And yet we crave the personal, the intimate narrative
detail that literary nonfiction and personal essays can provide. We pay an
aesthetic and emotional price for such distance. Yes, I could (and still may) write about
issues orphans have in composing identities using postmodern theories borrowed
from the study of diasporic literatures, but must this necessarily entail
masking the central experience behind my inquiry? Must I remain hidden behind some Oz-like
curtain? Can’t the
“I” (or some other breathing persona) come forward? Creative
nonfiction is so attractive at the beginning of the 21st century
because it allows the “I” to surface; it has the potential to blend
two distinct, institutionalized traditions—journalism and creative
writing (including memoir).
It’s a hybrid—bringing together investigative research with
narrative, either first or third person.
But there’s a problem with adopting creative nonfiction broadly
for composition studies’ purposes.
The academy, except insofar as it houses journalism and creative
writing, again doesn’t really figure in. The turf wars over ownership of
this genre are only beginning (creative writing seems to be slightly
ahead). Despite successful forays
into creative nonfiction publication venues, composition instructors with a
bent toward the belletristic have slim chance of claiming the form, cultural theorists
slimmer still, and qualitative researchers slimmest of all.

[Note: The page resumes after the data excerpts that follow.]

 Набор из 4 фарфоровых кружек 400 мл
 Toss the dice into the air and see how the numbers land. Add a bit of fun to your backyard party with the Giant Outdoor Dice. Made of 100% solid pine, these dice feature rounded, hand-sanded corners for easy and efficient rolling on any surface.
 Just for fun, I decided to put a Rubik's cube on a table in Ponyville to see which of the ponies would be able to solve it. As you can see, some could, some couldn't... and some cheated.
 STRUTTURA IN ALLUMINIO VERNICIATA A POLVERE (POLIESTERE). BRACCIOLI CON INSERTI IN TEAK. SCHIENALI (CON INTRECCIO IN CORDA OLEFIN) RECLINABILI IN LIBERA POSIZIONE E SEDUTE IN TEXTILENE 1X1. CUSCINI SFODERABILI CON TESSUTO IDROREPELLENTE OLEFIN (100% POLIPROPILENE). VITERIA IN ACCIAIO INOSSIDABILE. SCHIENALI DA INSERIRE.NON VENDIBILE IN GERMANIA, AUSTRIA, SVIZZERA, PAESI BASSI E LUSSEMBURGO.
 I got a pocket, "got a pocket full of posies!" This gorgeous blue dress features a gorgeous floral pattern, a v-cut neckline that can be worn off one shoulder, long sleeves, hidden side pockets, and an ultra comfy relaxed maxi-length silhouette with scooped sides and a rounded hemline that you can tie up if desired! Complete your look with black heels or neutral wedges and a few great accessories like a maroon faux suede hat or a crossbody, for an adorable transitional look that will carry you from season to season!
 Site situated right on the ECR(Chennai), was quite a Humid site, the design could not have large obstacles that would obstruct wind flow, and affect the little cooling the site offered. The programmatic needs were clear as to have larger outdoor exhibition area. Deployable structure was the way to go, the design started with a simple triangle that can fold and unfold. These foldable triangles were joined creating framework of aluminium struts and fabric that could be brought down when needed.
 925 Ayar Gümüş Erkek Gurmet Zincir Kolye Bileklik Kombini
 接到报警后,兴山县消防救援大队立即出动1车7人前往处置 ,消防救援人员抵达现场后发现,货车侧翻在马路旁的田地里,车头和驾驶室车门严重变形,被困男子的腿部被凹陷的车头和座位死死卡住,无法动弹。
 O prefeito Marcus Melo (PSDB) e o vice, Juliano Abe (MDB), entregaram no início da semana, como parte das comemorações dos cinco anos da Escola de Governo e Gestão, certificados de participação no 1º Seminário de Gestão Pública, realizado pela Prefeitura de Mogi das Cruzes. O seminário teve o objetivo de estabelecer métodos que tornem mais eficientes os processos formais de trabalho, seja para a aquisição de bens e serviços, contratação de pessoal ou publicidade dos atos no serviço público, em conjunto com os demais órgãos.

We need in the academy a different kind of hybrid, one
that perhaps expands creative nonfiction and/or the personal essay to include
the academic. Such a form could blend
the richness of our traditions—the narrative essay (first person and third),
as well as research (whether investigative, critical, qualitative, or
quantitative). It could adapt the
voices of these distinct traditions so that a self-consciously literary voice,
or a reporting or declaring voice, or even a confessional,
“Romantic” voice finds itself dialogically situated along side of
an academic critical voice, a voice that acknowledges and investigates, in
Peter Mortensen’s words, “the cultural and narrative forces”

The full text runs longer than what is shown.